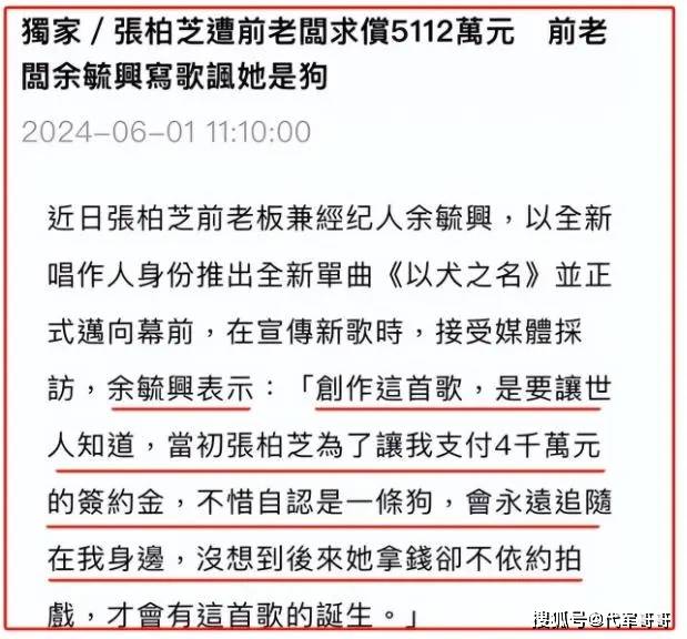 余毓興在其新歌《以犬之名》中直接指出張柏芝在2011年面臨困境時求助於他,並為了4千萬簽約金不惜表示願意像小狗壹樣忠誠於他。
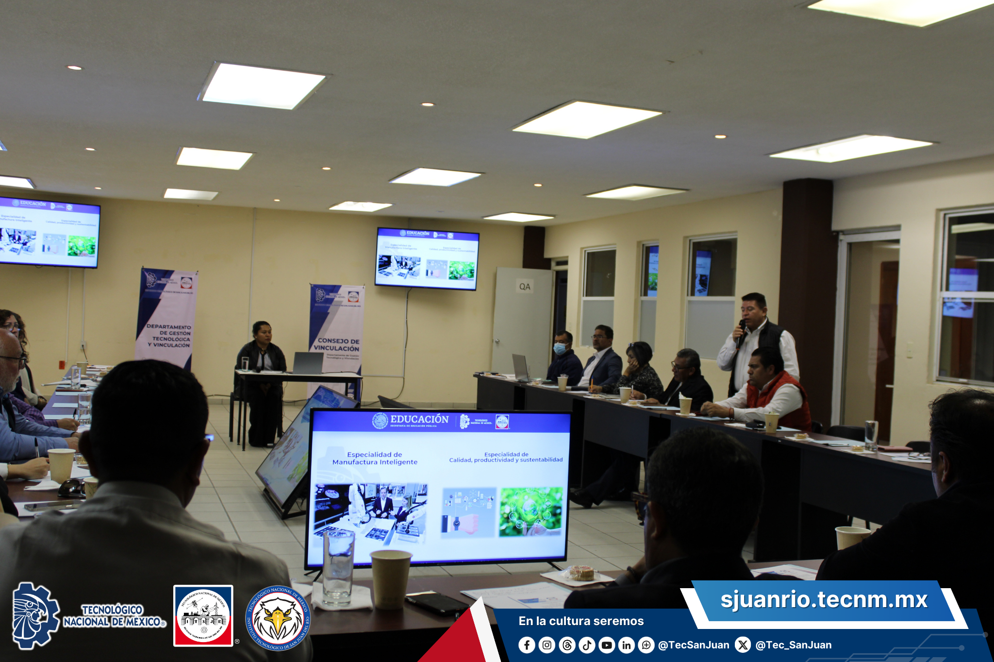 San Juan del Río, Qro. 15 de febrero del 2024, se realizó la Reunión de Consejo de Vinculación en las instalaciones del Instituto, donde se abordaron temas acerca de las actividades realizadas por nuestra institución durante el 2023 en materia académica y formación integral. Importante señalar el compromiso del área industrial del municipio a través de Manuel Rivadeneyra Díaz, presidente de la CANACINTRA quien participó en la sesión del consejo e hizo algunos aportes acerca de cómo el Instituto ha procurado la inserción de estudiantes de las diferentes carreras en semestres más tempranos en las empresas, e identificando las áreas de oportunidad de nuestra institución para un exitoso programa de vinculación con las empresas instaladas en el municipio.
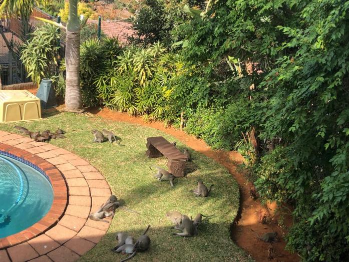 Fortunately, we live in a quiet suburb with amazing bird life and a virtual zoo with vervet monkeys and a troop of mongooses who come and visit daily.

What the task asks: Reproduce the entire listing above precisely, but keep the images out.

Answer for the task:
 余毓興在其新歌《以犬之名》中直接指出張柏芝在2011年面臨困境時求助於他,並為了4千萬簽約金不惜表示願意像小狗壹樣忠誠於他。
 San Juan del Río, Qro. 15 de febrero del 2024, se realizó la Reunión de Consejo de Vinculación en las instalaciones del Instituto, donde se abordaron temas acerca de las actividades realizadas por nuestra institución durante el 2023 en materia académica y formación integral. Importante señalar el compromiso del área industrial del municipio a través de Manuel Rivadeneyra Díaz, presidente de la CANACINTRA quien participó en la sesión del consejo e hizo algunos aportes acerca de cómo el Instituto ha procurado la inserción de estudiantes de las diferentes carreras en semestres más tempranos en las empresas, e identificando las áreas de oportunidad de nuestra institución para un exitoso programa de vinculación con las empresas instaladas en el municipio.
 Fortunately, we live in a quiet suburb with amazing bird life and a virtual zoo with vervet monkeys and a troop of mongooses who come and visit daily.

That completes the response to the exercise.